ОЗЕРКИ

Вижу их с высокого крыльца медпункта. Бревенчатые избы, тесовые серые крыши, над крышами ранние сизые дымки. Невдалеке, как осенний пожухлый репей, чернеет старая деревянная церковка. Окна ее заколочены досками, вместо креста острый шпиль, а выше голубеет, как будто только что покрашенное лазурью и необсохшее, без единой тучки небо.

С трех сторон село крепко обнимает тайга. В ее глубине синий ночной мрак, но между острых вершин пихт пробиваются, брызжут огненные капли подымающегося солнца.

С четвертой стороны низина. В ней клубится и течет непроглядный тяжелый туман. Там, должно быть, река. За ней чистый горизонт, спокойные дали, чуть тронутые голубизной.

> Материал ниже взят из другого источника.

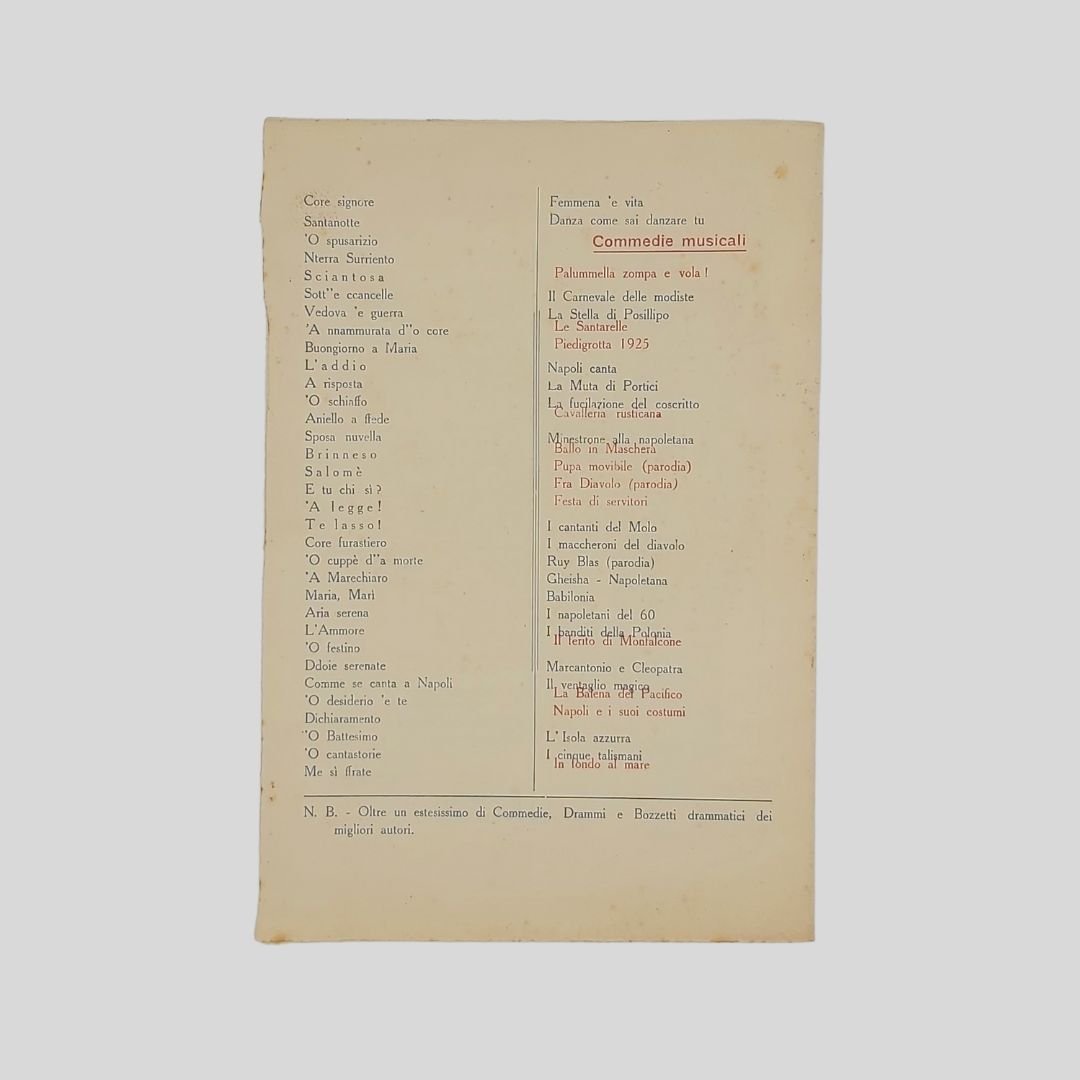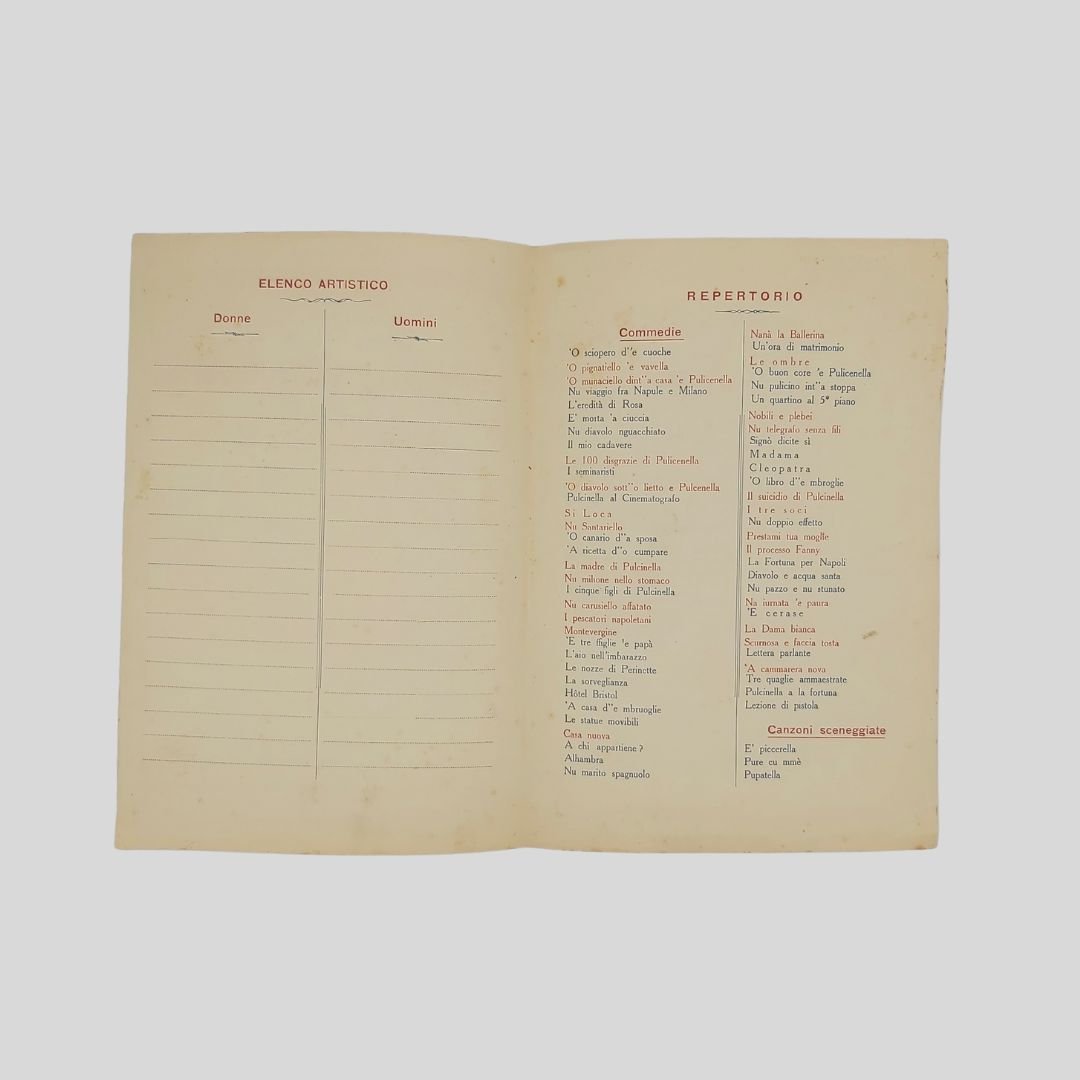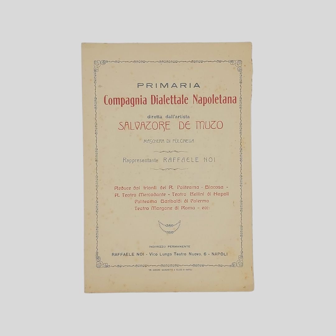 Cartoncino pieghevole a due ante, mm 175×235 (formato chiuso), stampato in rosso e blu, cornice floreale alla pagina del titolo. Napoli, Tip. Simeone. s.d. (1925 ca.). Contiene elenco artistico per l’inserimento del nome degli attori e delle attrici; repertorio delle «Commedie, Canzoni sceneggiate, Commedie musicali. N.B. Oltre un estesissimo di Commedie, Drammi e Bozzetti drammatici dei migliori autori». Insignificanti fioriture, in buone condizioni. Non comune. Il repertorio artistico della Compagnia di Salvatore De Muto, l’ultimo Pulcinella. Reduce dai trionfi del R. Politeama-Giacosa – R. Teatro Mercadante – Teatro Bellini di Napoli. Politeama Garibaldi di Palermo. Teatro Morgane di Roma – ecc. Il repertorio è ricco delle commedie di maggior successo dell’ultimo Pulcinella: ‘O sciopero d’ ‘e cuoche, ‘O munaciello dint’ ‘a casa ‘e Pulicienlla, Le 100 disgrazie di Pulicinella, Pulcinella al Cinematografo, Il suicidio di Pulcinella, Prestami tua moglie, La Dama bianca…Canzoni sceneggiate: Pupatella, ‘O spusarizio, ‘O Cuppéè d’a ‘a morte, Me sì ffrate…Commedie musicali: Palummella zompa e vola! La Stella di Posillipo, La Muta di Portici, Gheisha napoletana, I napoletani del 60, Piedigrotta 1925. Salvatore De Muto [Napoli 1876 – Napoli 1970] Destinato dai familiari alla professione medica scelse caparbiamente di assecondare la sua passione per il teatro e, malgrado le difficoltà e i rifiuti iniziali, riuscì nell’intento, tanto da essere tradizionalmente considerato l’ultimo Pulcinella. A tredici anni aveva già una notevole familiarità con il suo personaggio; nel 1908 debuttò al Politeama di Napoli in sostituzione del compianto Pasquale Balzano e nel 1913 ottenne l’investitura ufficiale da parte di Giuseppe De Martino, Pulcinella senior. Lavorò in tutti i teatri italiani in stretta collaborazione con la moglie Rosa; durante il secondo conflitto mondiale fu chiamato a recitare per le truppe impegnate nelle operazioni belliche. Nel 1949 recitò per l’ultima volta al Teatro Politeama di Napoli. Nel 1954, per l’inaugurazione del teatro San Ferdinando di Napoli, Eduardo De Filippo lo volle come consulente per l’allestimento dell’opera Palummella zompa e vola. La lunga carriera non produsse effetti positivi sulla sua esistenza: ritenuto esponente di un’epoca ormai superata, non ottenne i riconoscimenti che le sue capacità artistiche avrebbero meritato. Cfr. SIUSA – Sistema Informativo Unificato per le Soprintendenze Archivistiche

Здесь мне жить. Теперь я здешний, не саратовский уже, а озерский. Что ж, именно этого я и искал для себя: темная тайга, бревенчатые избы. Теперь держись, Виктор Вересов, начинается твоя собственная жизнь. Она спросит, из чего ты скроен и крепко ли ты сшит. Не гнилыми ли нитками? Все правильно, все идет как надо, и все-таки немного грустно.

На широком дворе врачебного пункта — амбулатория с квартирой врача, еще два дома и маленькая избенка в два окна. Она выглядывает из-за стволов берез. Над ее обомшелой крышей высоко в ветвях виднеется долбленый скворечник.

Из дверей избенки появляется Ариша в белом халате и марлевой косынке. Она приветливо здоровается и ведет знакомить с моими владениями.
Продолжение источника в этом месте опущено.